Open to any other ideas, but looking like I'll pick up the 2013 SL once it comes out. Thanks guys


----------



## ETM (Aug 11, 2009)

Im not trying to bash at all but if you think the sl is good in powder you really haven't felt how effortless a real powder board can make it.
I rate the sl 2/10 for riding deep powder. 
Dont take offence if you think the sl great in powder and flame me, rather be excited knowing that when you get a proper powder board your riding experience will be even better than it is now.


----------



## lonerider (Apr 10, 2009)

Solitaire said:


> Didn't realize the Heritage started out that big - thanks for that. I do feel that would be a bit too large for me, so pretty much knocks it out as a choice.
> 
> Pretty much just looking at the SL now I guess. I definitely enjoy going as fast as possible on a groomer, so would only attempt the most basic of jumps/jibs. I've read the board has a fair amount of pop which should be fine for me.
> 
> Open to any other ideas, but looking like I'll pick up the 2013 SL once it comes out. Thanks guys


If you haven't seen my posts I've ridden the 2008,2009,2012 SL 155 and think the SL is what you are looking for. I currently ride a 2012 
Proto CT 154 and a Summit 161 (I agree with that comment that a dedicated powder board is always better in powder compared to a non-powder board).


----------



## ilikecoupons (Jan 20, 2012)

I mI think the Proto would be a better board for you then the SL. It's softer, but it still does well on groomers and is good in the park. Also, I think you said you lived on the East Coast. You are not going to get deep powder much at all there, so don't factor that into your decision. Plus the Proto is sick and it has a carbonium topsheet


----------



## Solitaire (Dec 6, 2010)

Yes I do live in the East...and to be fair I don't think I even have a concept of what true powder is lol. I think at best I've had 10cm of fresh snow and considered that an amazing day. I am planning a trip out to Tremblant at some point so I might experience it a bit more then. 

I did consider the proto, but it seems a bit more park oriented (although this is based more on the description than any real technical breakdown). I perhaps should have specified that I primarily look to go off natural jumps and such that are a part of the groomers, as opposed to going full out in the park. 

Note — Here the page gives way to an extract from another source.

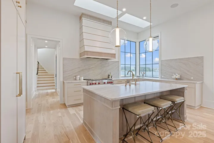 Experience luxury lakefront living at The Cape at Mattie Rose, an awe-inspiring private island enclave on Lake Norman, crafted by Grandfather Homes and Greg Perry Design. The Skyros estate offers a rare fusion of Mediterranean elegance and modern design, featuring a stucco exterior, soaring ceilings, and floor-to-ceiling windows framing 360-degree water views. This architectural masterpiece includes two distinct primary suites, smart home technology, energy-efficient systems, and a private dock. Accessible by a meandering causeway, the gated community boasts only three expansive homesites, each over 0.7 acres, with immediate lake access and boundless outdoor living. Designed to delight the eyes and refresh the soul, this home offers a retreat for mind, body, and spirit—where every day feels like a vacation and luxury meets serenity.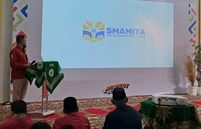 Direktur SMA Muhammadiyah 1 Taman saat melaunching logo baru 'SMAMITA RESPECT SCHOOL'

From reading all the feedback, at the very least it seems like the SL will be a good introduction to various other aspects of snowboarding, which might lead me to buy a more specialized board in the future if required.


----------



## Mel M (Feb 2, 2012)

Solitaire said:


> Open to any other ideas, but looking like I'll pick up the 2013 SL once it comes out. Thanks guys


Better yet, since it seems you made up your mind, try finding it somewhere on the cheap. End of season sales can save you big time and in all honesty, I don't believe there's going to be any groundbreaking design changes that will justify the cost difference. If the place you find it, online or in-store, doesn't have it on sale, ask if they price match.

Hopefully it's not too late though, because as far as I know, the NS SL is their best selling board and I had a hard time finding two months ago when I was looking. Most stores in my local area sell out of the SL in mid to early December!


----------



## Solitaire (Dec 6, 2010)

Sorry - Had a major brain fart. I ride a 156 Rome Crail...not a 147 (No clue where I got the 147 from...too many sleepless nights). 

Not sure if that changes anything...


----------



## fondles (Jan 24, 2012)

I just rode my SL for the first time yesterday. I'm 5'9 and 155 lbs. My first board (the one I was using prior to the SL) is a 10 year old Burton Custom. The traditional camber feels more stable when bombing runs, and it feels like it "grabs" better and holds an edge slightly better when carving hard. 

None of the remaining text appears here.